BRIEF:
The expected result is the full listing, retyped exactly, without a single picture.

DATASET EXCERPT:
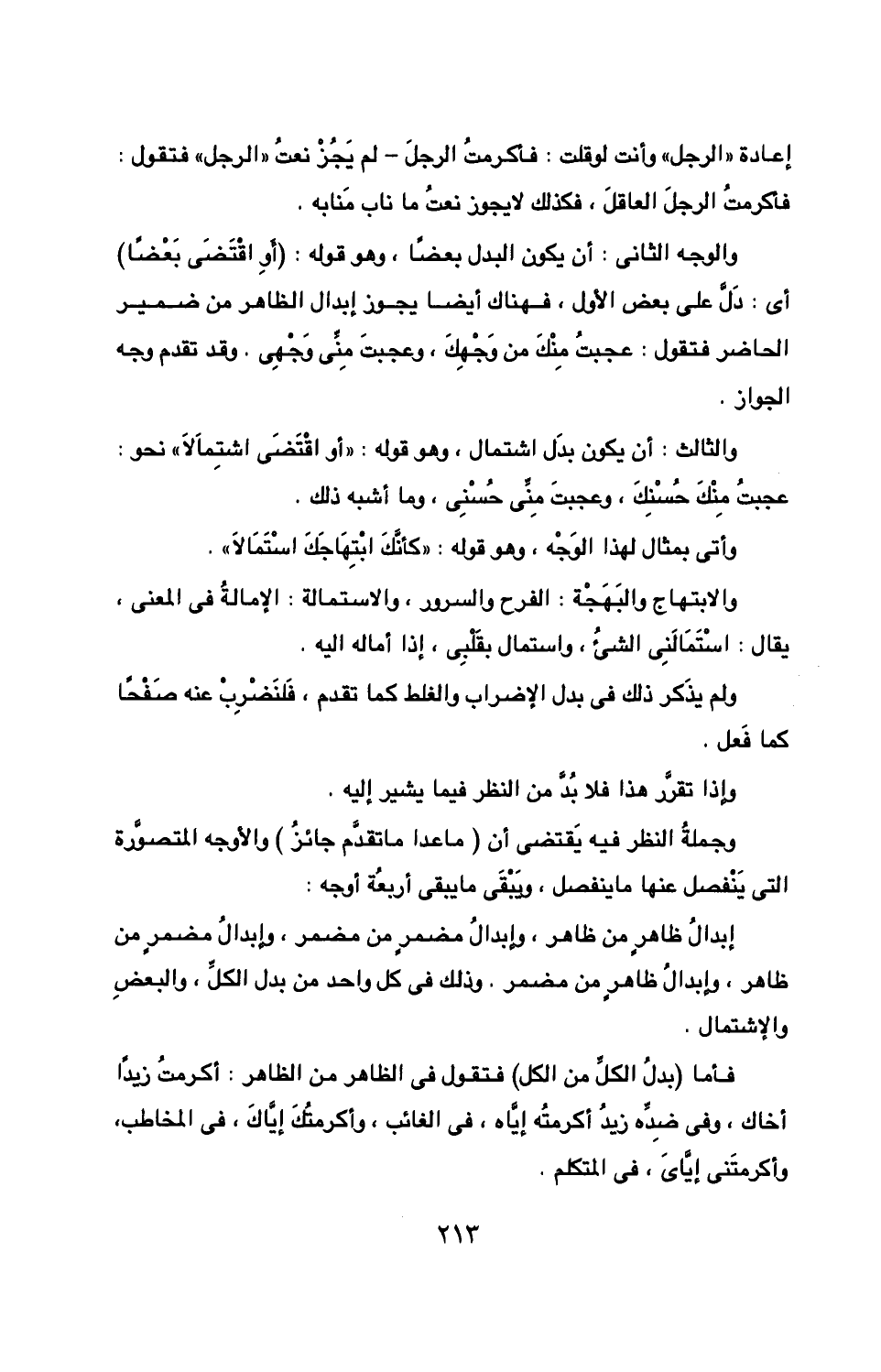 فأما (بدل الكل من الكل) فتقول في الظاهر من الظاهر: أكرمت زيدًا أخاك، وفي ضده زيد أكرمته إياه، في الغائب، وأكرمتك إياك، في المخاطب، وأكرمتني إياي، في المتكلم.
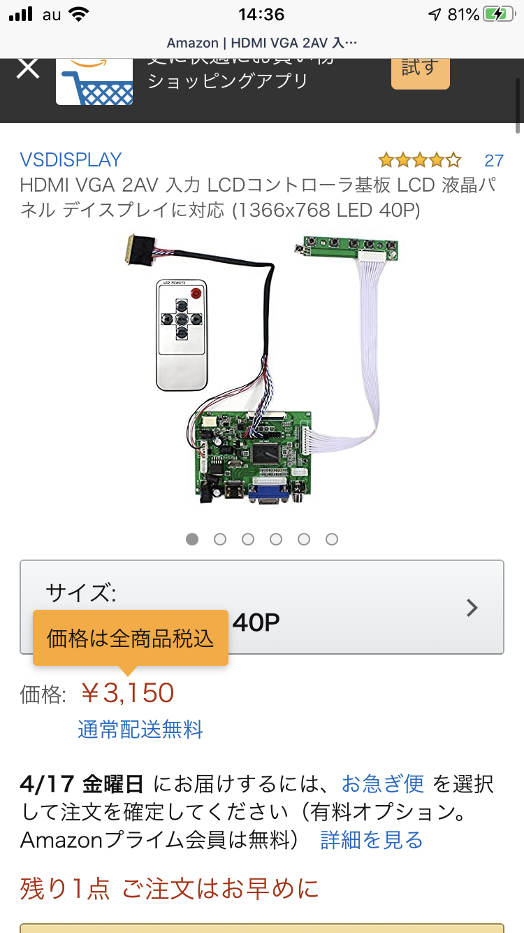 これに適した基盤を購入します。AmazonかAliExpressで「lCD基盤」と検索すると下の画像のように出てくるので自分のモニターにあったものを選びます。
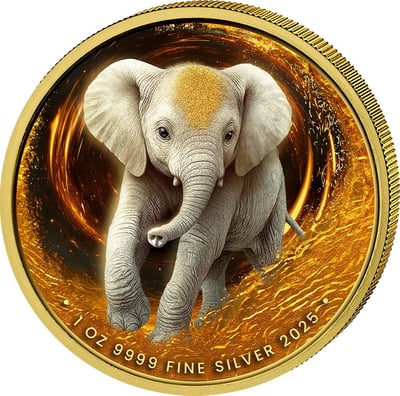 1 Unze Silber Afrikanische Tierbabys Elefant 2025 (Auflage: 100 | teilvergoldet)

EXERCISE RESPONSE:
 فأما (بدل الكل من الكل) فتقول في الظاهر من الظاهر: أكرمت زيدًا أخاك، وفي ضده زيد أكرمته إياه، في الغائب، وأكرمتك إياك، في المخاطب، وأكرمتني إياي، في المتكلم.
 これに適した基盤を購入します。AmazonかAliExpressで「lCD基盤」と検索すると下の画像のように出てくるので自分のモニターにあったものを選びます。
 1 Unze Silber Afrikanische Tierbabys Elefant 2025 (Auflage: 100 | teilvergoldet)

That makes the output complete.